Breath sounds were recorded from 15 subjects using a microphone fixed in a face frame, while simultaneously recording respiratory movements by respiratory inductance plethysmography (RIP). Subjects were instructed to breathe normally for 2 min. Inspiratory and expiratory segments of breath sounds were determined and extracted from the acoustic data by comparing it to the RIP trace. RESULTS: Frequency bands ratios (BR) were chosen as a feature to distinguish between breathing phases. The route of breathing did not affect the BR ratio within the same phase. When this BR was applied to 436 breathing phases in the validation group, 424 (97%) were correctly identified (Kappa = 0.96, P < 0.001) indicating strong agreement between the acoustic method and the RIP. CONCLUSION: Frequency spectra of breathing sounds recorded from a face-frame, reliably identified the inspiratory and expiratory phases of breathing.

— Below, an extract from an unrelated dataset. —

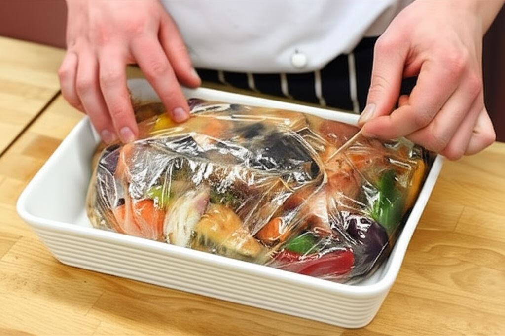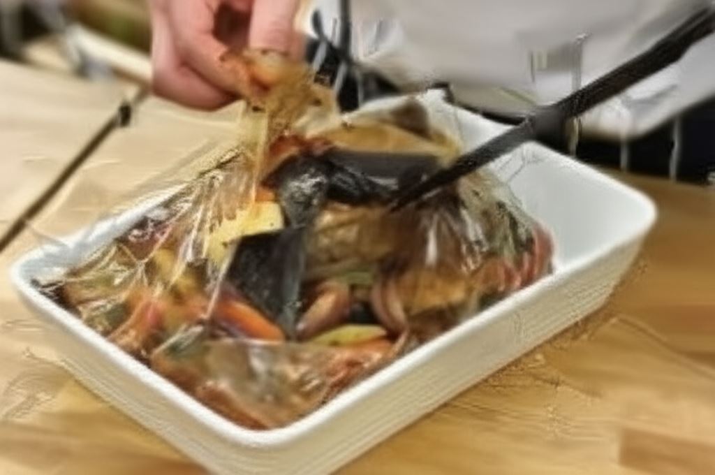 Po tym czasie woreczek ostrożnie rozetnij. Uzyskany sos razem z warzywami przelej do rondelka i dopraw według smaku. Mięso pokrój na plastry i serwuj z sosem oraz np. kaszą.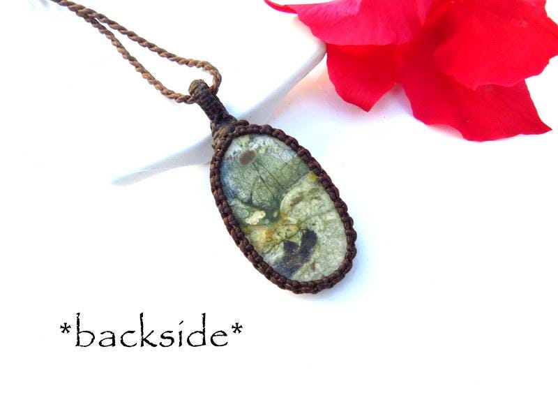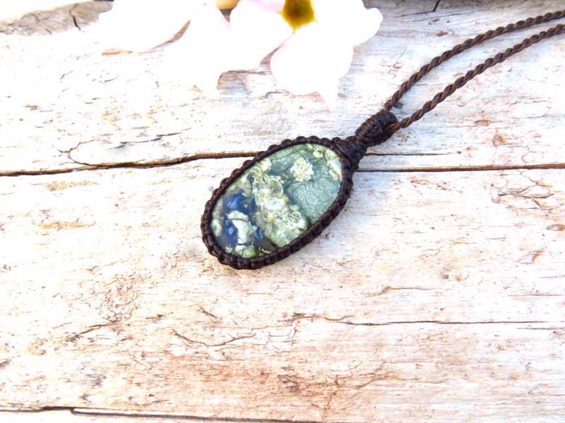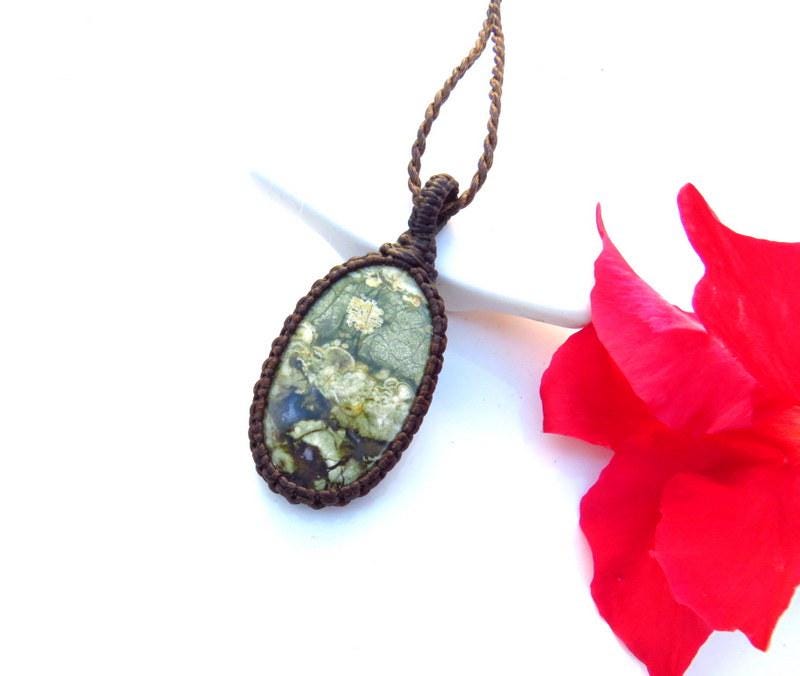 Sweet Rainforest Jasper macrame necklace - So many shades of green ! Earthy and unique! Also known as Green Rhyolite, Rainforest jasper was created from a molten flow of magma from the now extinct Mount Hay volcano near Queensland, Australia (about 120 million years ago!)

Adaptive segmentation and normalization of breathing acoustic data of subjects with OSA
Alshaer H, Fernie GR, Sejdic E, Bradley TD, Proc IEEE TIC-STH. 2009, 279-784.
Breath sounds in patients with obstructive sleep apnea are very dynamic and variable signals due to their versatile nature. In this paper, we present an adaptive segmentation algorithm for these sounds. The algorithm divides the breath sounds into segments with similar amplitude levels. As the first step, the algorithm creates an envelope of the signal characterizing its long term amplitude variations. Then, K-means clustering is iteratively applied to detect borders between different segments in the envelope. RESULTS: The algorithm is successful in creating a uniform baseline in subjects with and without sleep apnea without obliterating troughs representing apneas. CONCLUSION: We have shown that the proposed algorithm is capable of segmenting waveforms of breath sounds of unknown number of segments and their corresponding duration.